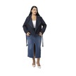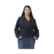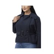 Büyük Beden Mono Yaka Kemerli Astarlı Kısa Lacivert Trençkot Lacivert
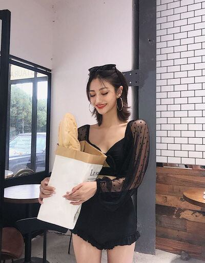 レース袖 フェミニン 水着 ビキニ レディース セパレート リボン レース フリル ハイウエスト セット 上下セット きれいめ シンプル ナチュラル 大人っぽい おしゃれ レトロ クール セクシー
--*--
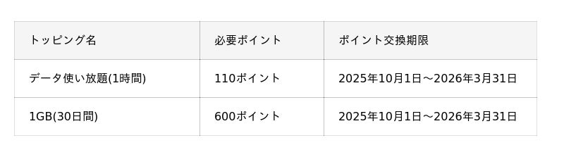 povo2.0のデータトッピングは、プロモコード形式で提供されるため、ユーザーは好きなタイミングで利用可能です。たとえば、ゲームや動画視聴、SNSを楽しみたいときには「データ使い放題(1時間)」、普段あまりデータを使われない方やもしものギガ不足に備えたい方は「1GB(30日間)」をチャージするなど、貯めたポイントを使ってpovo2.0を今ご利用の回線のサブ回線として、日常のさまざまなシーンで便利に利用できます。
--*--
→ What the exercise asks:
Work from the entries above. Set down exactly and only the lines from the line with "Büyük Beden Mono" to the line with "レース袖 フェミニン 水着", both included, and leave the pictures out.

→ Exercise result:
 Büyük Beden Mono Yaka Kemerli Astarlı Kısa Lacivert Trençkot Lacivert
 レース袖 フェミニン 水着 ビキニ レディース セパレート リボン レース フリル ハイウエスト セット 上下セット きれいめ シンプル ナチュラル 大人っぽい おしゃれ レトロ クール セクシー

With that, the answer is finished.